Your task: Leave out the pictures and reproduce all of the data exactly.

Recorded data:
● ● ● ●
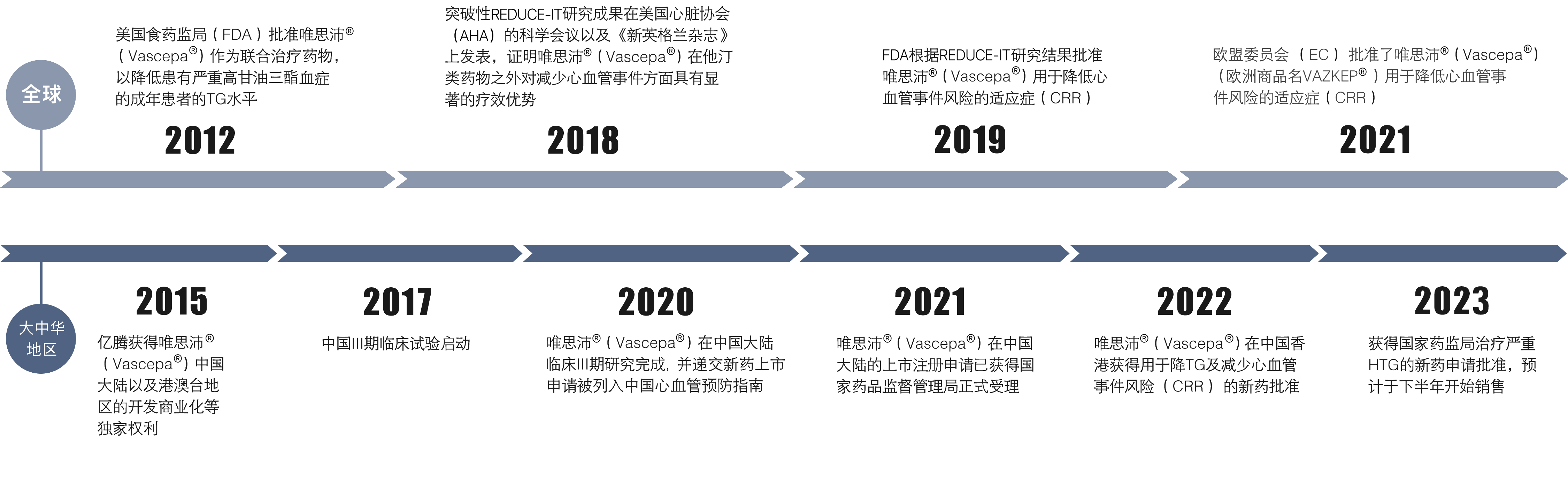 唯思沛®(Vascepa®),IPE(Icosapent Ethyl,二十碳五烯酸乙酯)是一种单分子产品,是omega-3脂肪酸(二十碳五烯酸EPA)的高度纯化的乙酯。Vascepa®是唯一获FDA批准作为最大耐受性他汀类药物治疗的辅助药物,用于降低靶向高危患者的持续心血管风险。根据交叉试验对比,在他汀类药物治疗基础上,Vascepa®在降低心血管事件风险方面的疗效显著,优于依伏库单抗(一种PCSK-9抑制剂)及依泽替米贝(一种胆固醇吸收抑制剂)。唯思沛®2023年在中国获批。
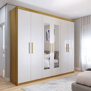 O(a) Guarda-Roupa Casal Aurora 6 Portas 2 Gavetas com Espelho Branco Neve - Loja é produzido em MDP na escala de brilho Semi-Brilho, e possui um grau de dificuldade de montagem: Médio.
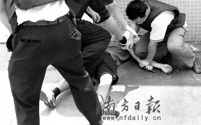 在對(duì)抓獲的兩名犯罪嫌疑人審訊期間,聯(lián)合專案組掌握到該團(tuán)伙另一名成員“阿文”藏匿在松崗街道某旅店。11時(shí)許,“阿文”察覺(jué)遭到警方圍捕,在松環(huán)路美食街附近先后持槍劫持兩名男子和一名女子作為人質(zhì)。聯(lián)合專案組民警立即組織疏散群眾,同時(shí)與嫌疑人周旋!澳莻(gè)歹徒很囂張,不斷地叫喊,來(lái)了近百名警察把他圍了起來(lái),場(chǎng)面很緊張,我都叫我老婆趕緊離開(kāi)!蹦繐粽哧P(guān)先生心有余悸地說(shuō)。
● ● ● ●
Problem solution:
 唯思沛®(Vascepa®),IPE(Icosapent Ethyl,二十碳五烯酸乙酯)是一种单分子产品,是omega-3脂肪酸(二十碳五烯酸EPA)的高度纯化的乙酯。Vascepa®是唯一获FDA批准作为最大耐受性他汀类药物治疗的辅助药物,用于降低靶向高危患者的持续心血管风险。根据交叉试验对比,在他汀类药物治疗基础上,Vascepa®在降低心血管事件风险方面的疗效显著,优于依伏库单抗(一种PCSK-9抑制剂)及依泽替米贝(一种胆固醇吸收抑制剂)。唯思沛®2023年在中国获批。
 O(a) Guarda-Roupa Casal Aurora 6 Portas 2 Gavetas com Espelho Branco Neve - Loja é produzido em MDP na escala de brilho Semi-Brilho, e possui um grau de dificuldade de montagem: Médio.
 在對(duì)抓獲的兩名犯罪嫌疑人審訊期間,聯(lián)合專案組掌握到該團(tuán)伙另一名成員“阿文”藏匿在松崗街道某旅店。11時(shí)許,“阿文”察覺(jué)遭到警方圍捕,在松環(huán)路美食街附近先后持槍劫持兩名男子和一名女子作為人質(zhì)。聯(lián)合專案組民警立即組織疏散群眾,同時(shí)與嫌疑人周旋!澳莻(gè)歹徒很囂張,不斷地叫喊,來(lái)了近百名警察把他圍了起來(lái),場(chǎng)面很緊張,我都叫我老婆趕緊離開(kāi)!蹦繐粽哧P(guān)先生心有余悸地說(shuō)。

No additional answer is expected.